The crash sensing algorithm used in 1999 model year GM vehicles decides whether to deploy the airbags based on calibration values stored in the SDM reflecting that vehicle model's response to a variety of impact conditions. This predictive algorithm must make airbag deployment decisions typically within 15-50 msec (.015-.050 sec) after impact.

The SDM's longitudinal accelerometer is low-pass filtered at approximately 400 Hz. to protect against aliasing, before being input to the microcontroller. The typical SDM contains 32k bytes of ROM for program code, 512 bytes of RAM, and 512 bytes of EEPROM. Every 312 microseconds, the algorithm samples the accelerometer using an A/D converter (ADC) and when two successive samples exceed about 2 gs of deceleration, the algorithm is activated (algorithm enable).

Because of EEPROM space limitations, the SDM does not record the actual deceleration data. However, the frequency content of the crash pulse that is of interest to crash reconstructionists typically does not exceed 60 Hz and the crash pulse can therefore be well-represented by low frequency velocity change data (ΔV). The SDM computes ΔV by integrating the average of four 312-microsecond acceleration samples and stores them at 10 msec increments in RAM. Figure 1 shows the ΔV values for a representative moderately high severity crash at each 10 msec point with a smooth curve drawn through them.
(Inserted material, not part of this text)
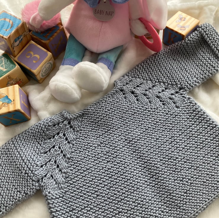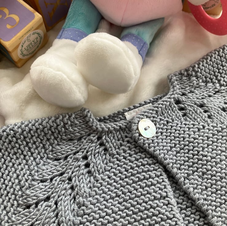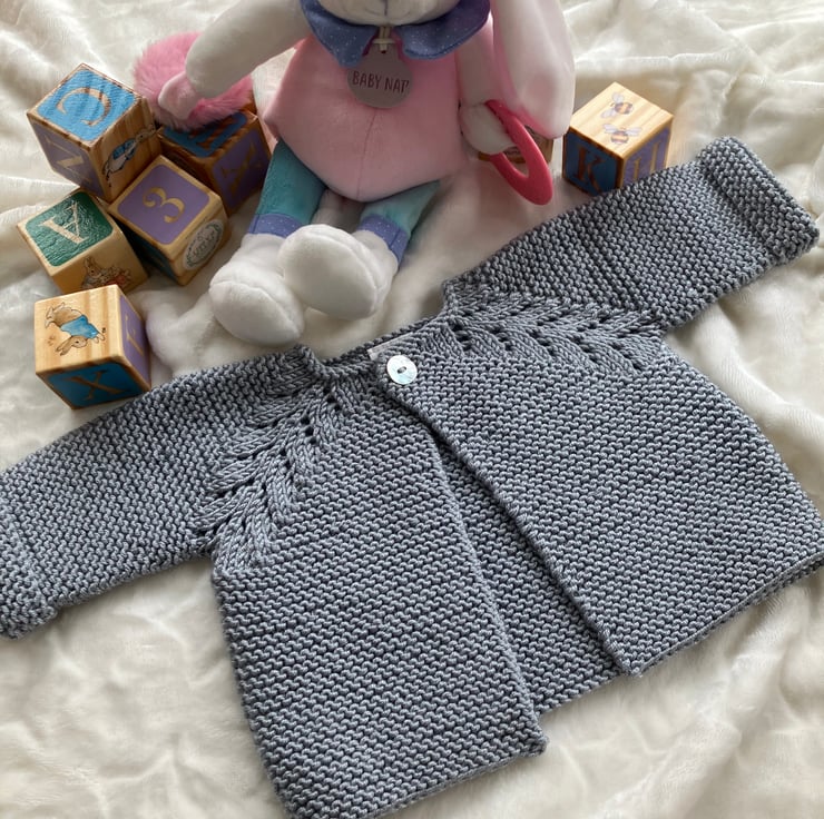 Hand-knitted baby girl’s cardigan to fit from 0-3 months. I have knitted this pretty little cardigan in a super soft and silky grey cotton yarn and finished it off with a mother of pearl button on the front fastening. The fir tree pattern on the sleeves gives added detail and the soft grey colour is very much on trend - a great addition to any girl’s wardrobe. Perfect for keeping your little one snuggly and warm on cooler days.

Figure 1: Post-impact ΔV vs. Time

Several other sensors provide driver seat belt status, vehicle speed, engine RPM, brake on/off status, and throttle position. The driver seat belt switch signal is typically input into the SDM while the remaining sensors are monitored by one or more other electronic modules that broadcast their data onto the serial data bus. If there is an airbag deployment or a near-deployment crash, the last five seconds of data immediately preceding algorithm enable are stored in EEPROM. All stored data can later be recovered using a laptop PC equipped with appropriate software and interface hardware.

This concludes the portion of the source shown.